I'm not sure many people would accuse me of seeing the US in a rosy light. The US actions in Iraq are basically driven by Pax Americana, the belief that the US is extraordinarily powerful and has a responsibility to exert that power to spread democracy and freedom. Also that any truly free populace would be pro-West, ie an unfriendly democratic leader must not be truly democratic otherwise they'd be friendly, and thus they're liable for overthrow.

Now the problem is this isn't completely wrong, anti-west democratic leaders do have a tendency to become totalitarian (Chavez is a good example), and it's not clear that a genuine democratic government is possible, or that open elections wouldn't result in even greater oppression. This leads to them playing a game where the try to micro-manage foreign politics winning short term gains but arguably increasing oppression in the long term by pissing people off.

Unfortunately expecting them to perform a useful intervention in Iraq was a bit like asking an elephant to run a daycare, an act of dubious value that was fated to end in tragedy.

The road to hell is paved with good intentions. I'm sure that trying to help is going to be a real comfort to all those who died - or have to live in constant fear thanks to their country descending into civil war.
In short: given the absolute mess that Iraq became, I wouldn't care about the intentions of the US - even if I really believed they were doubtlessly altruistic to begin with...

What if solid evidence came out that revealed that Bush-Cheney didn't care at all about Iraqis or Democracy, but only wanted to enrich some defence contractor and oil exec buddies? I'm guessing you'd care a lot about those intentions.

The reason why I found Crimea to be MORE objectionable was because Putin has no noble motive. It's land theft pure and simple, made on a pretext so flimsy it makes Iraqs WDMs to be as common as sand.
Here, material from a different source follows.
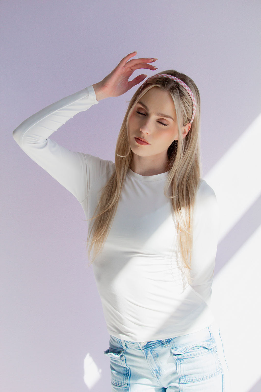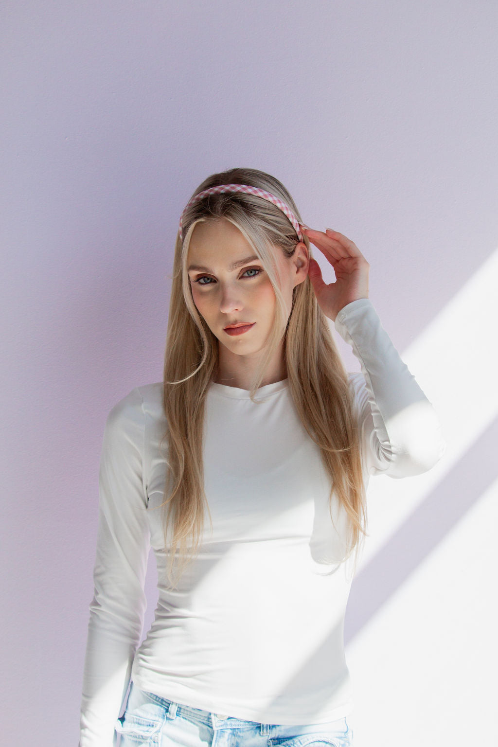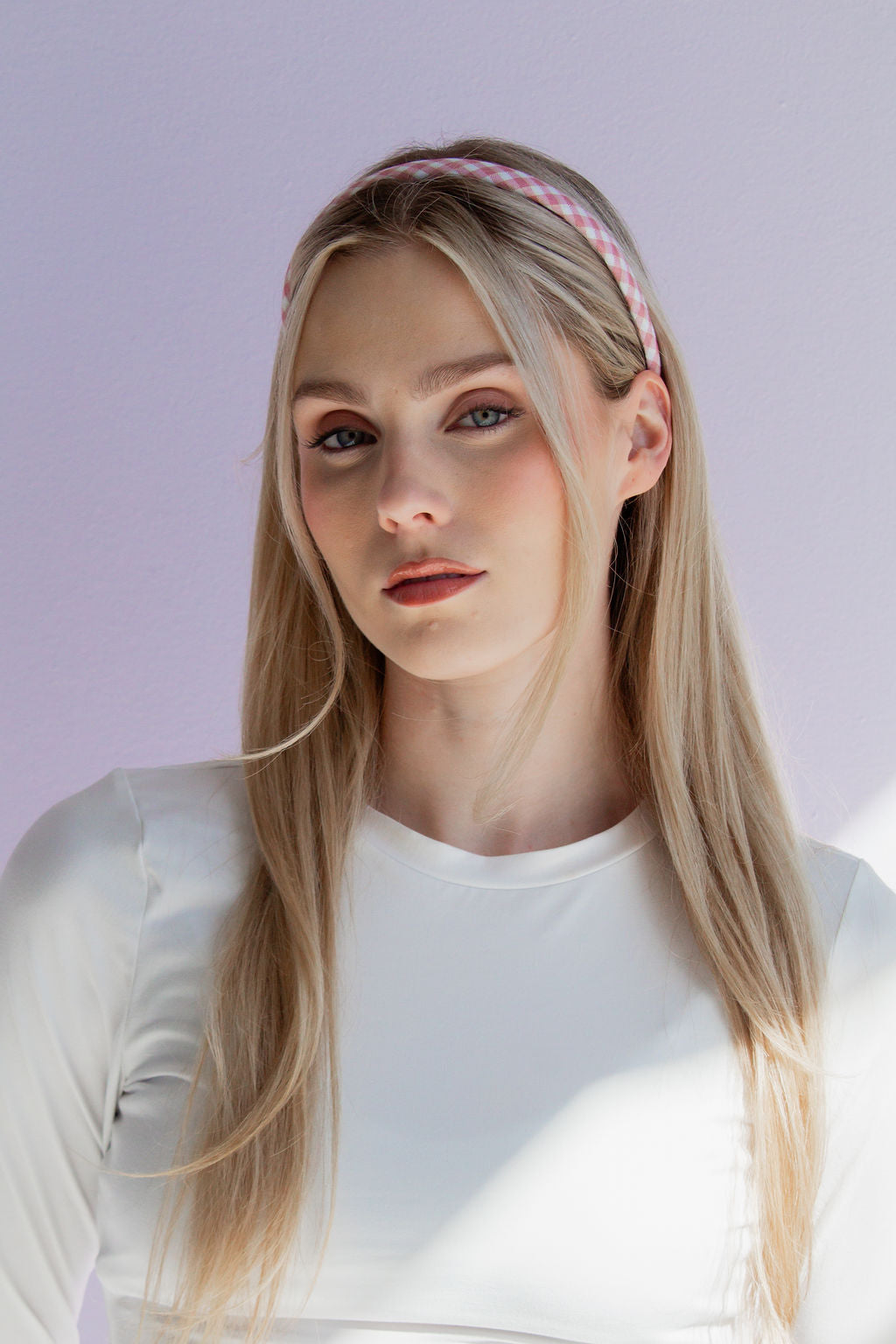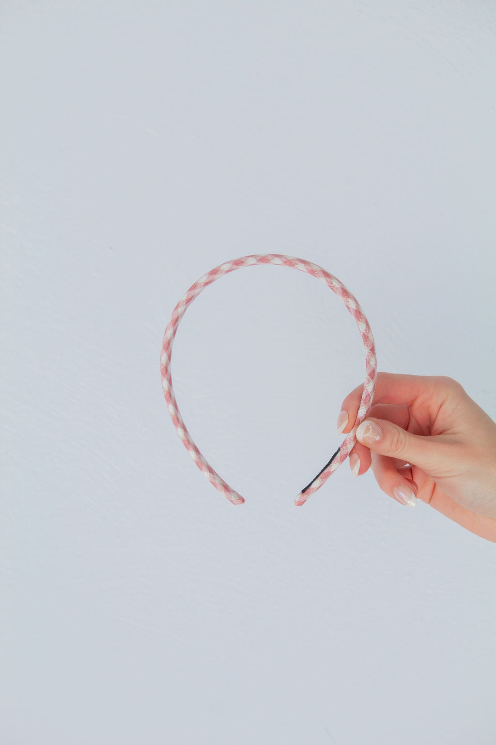 This headband is a true stunner with the light mauve colored checkers, I love it soooo much. Absolute perfection for this time of year! It is .5 inch wide!

And while the body count has been low it runs the risk of war in an otherwise stable part of the world and significantly escalates the tension between the West and Russia, the long term consequences of the Crimean invasion could be far worse than those of Iraq.

Land theft is kind of a misnomer. There are very important navy bases in Crimea - ones which the Russian navy kept using after the USSR dissolved... and which they must've felt in danger after their puppet government got kicked out of Ukraine. Not that I approve of this move - had enough of Russia sitting around here for fifty years - just saying it's a whee bit more nuanced than you make it seem like.

As for reactions and fears... the world is only up in arms because we are reminded of the Cold War. If China decided to annex parts of Mongolia, I could tell you what would happen: a big, fat nothing. Ukraine is too close, and the bad memories with Russia are too recent. But this was really to be expected; after the NATO continously expanding east and losing Serbia, Iraq and now Ukraine... of course Russia would react in some way.

They had a 25 year lease on the bases I'm not sure losing them was really a risk, and even if they did Russia already had territory on the Black sea. The importance of those bases was as a symbol of their relationship with Ukraine. While the most extreme wing of the nationalists definitely wanted to Ukrainianize the country a lot more I don't think even they wanted to sever the relationship with Russia.

I do agree that NATO and the EU were undercutting Russia's influence, but those reactions were the results of the valid Democratic desires of the populations involved. Moreover Crimeans weren't oppressed by Ukrainians in any sense, you can justify Iraq in the sense that Saddam was a very bad man and you think you can do better. Under Russia Crimeans are already experiencing more oppression, I just don't see seizing Crimean as any sort of defensible reaction to the NATO and EU expansions or being based on any sort of noble but misguided ideology.